Note, text in red can be skipped if you already have a knowledge of this subject!

An oscilloscope is basically a seriously useful piece of electronics equipment. They look complicated but are actually really simple. There are 3 main components:

  • An electron beam – this is an invisible beam of electrons which is fired towards the screen.
  • The screen – when the electron beam hits a point on the screen, that point glows, making a glowing dot on the screen.
  • The input connector(s) – most scopes have two of these (I’ll be calling them ‘X’ and ‘Y’). Let’s only worry about a single one for now. If we feed a voltage into the input connector, the electron beam, and therefore the dot on the screen will move, depending on how high the voltage is.

This doesn’t sound too useful yet, but oscilloscopes have two main modes which let us do some useful things with the dot:

Sweep mode

This causes the dot to automatically move repeatedly across the screen. By changing the scope settings, you can control the speed of the dot. If you then apply a voltage to input connector Y, the dot will jump up, according to that voltage. If the voltage is alternating (aka AC), you will get a wavy line. Although this is the most commonly used mode, we won’t be using it much here.

XY mode

This is more relevant to us. With the oscilloscope in XY mode, the dot will stay still in the middle of the screen by default. But:

  • If we feed a fixed voltage into the ‘X’ connector, the dot will move horizontally. The higher the voltage, the further the dot moves.
  • Likewise, if we feed a voltage into the ‘Y connector, the dot will move vertically. The higher the voltage, the further the dot moves.

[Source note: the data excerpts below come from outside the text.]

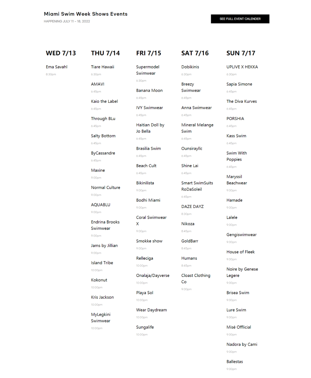 美国迈阿密泳装周2022年走秀名单,该泳装展是全球泳装趋势的晴雨表,出场品牌是兴城泳装设计的重要参考对象。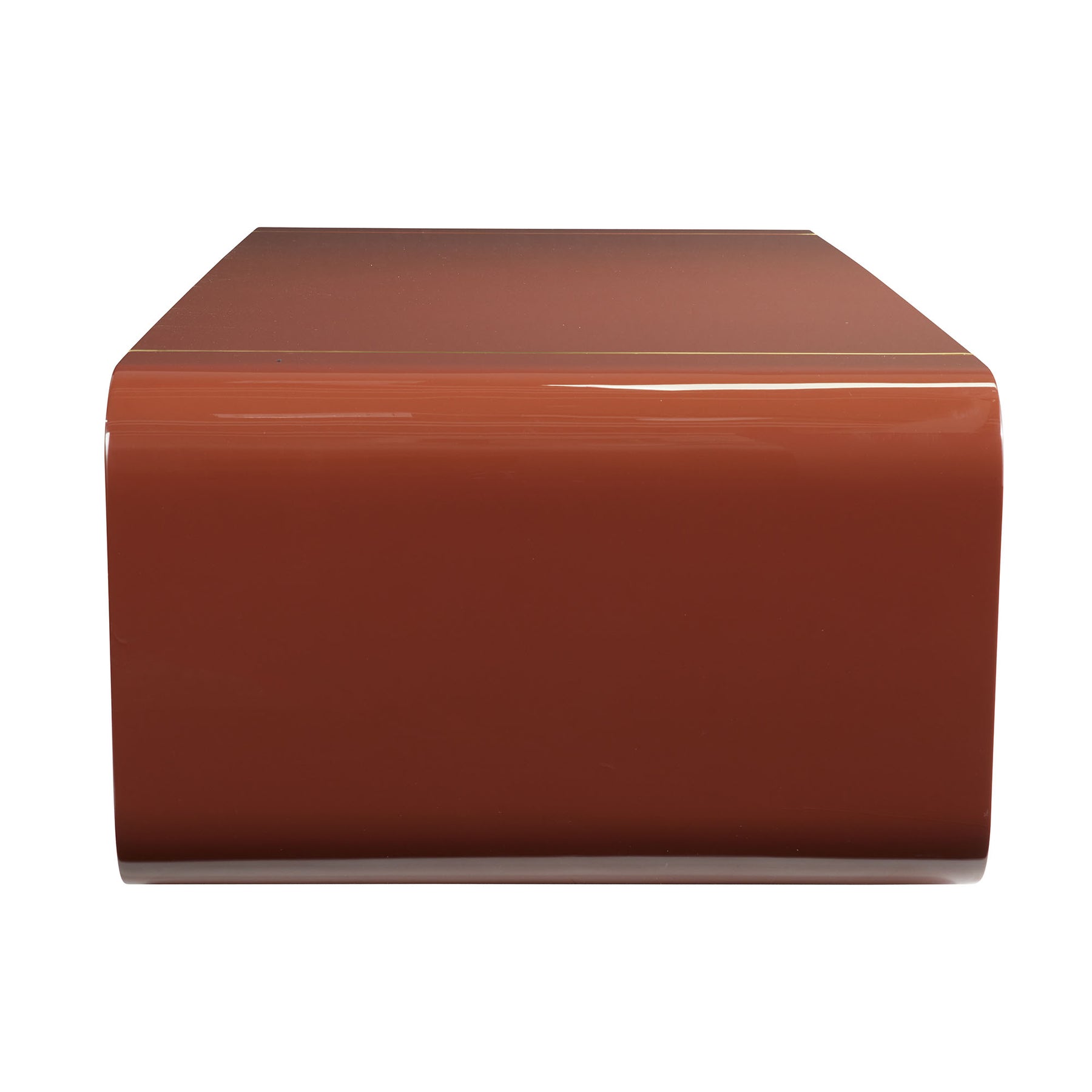 A modern take on a traditional scroll table, the Turnley cocktail table provides a sleek profile. The rich and vibrant paprika lacquer finish brings a luxe shine to the surface, while thin antique brass inlay stetches edge to edge. The softened angular shape of the legs breaks away from the traditional scroll leg, bringing forth a modern interpretation.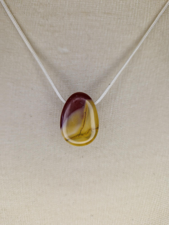 Mookaïte. Expérience. Favorise changement, plaisir, expérience intense. Flexibilité, incite à envisager plus de possibilités et choisir celle qui va. Fortifie rate, système immunitaire, foie, aide purifie sang, cicatrisation.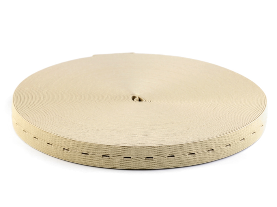 Dírková pruženka je utkaná z pružných vláken. Po roztažení se vrátí zpět do původního stavu.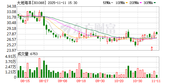 证券时报·数据宝统计,截至发稿,大地海洋收盘价为27.83元,下跌1.03%,本期筹码集中以来股价累计上涨5.66%。具体到各交易日,4次上涨,3次下跌。

So, with the scope set in XY mode, the dot can be moved to any position on the screen as long as we can provide a range of voltages to the input connectors.

scope

The main parts of an oscilloscope

Vector graphics on an oscilloscope – intro

Much like a laser (as mentioned in my previous post) a dot on an oscilloscope screen appears as a line if it is moved back and forth repeatedly at high speed. In other words, if we can control where the dot goes, we can trace out any line image – it’s just like drawing something by hand with a pencil.

The technical term for this kind of image is a vector graphic. Most people are familiar with them in the form of old (awesome) arcade games like asteroids. These were literally big versions of an oscilloscope in XY mode where the beam drew out the image on the screen.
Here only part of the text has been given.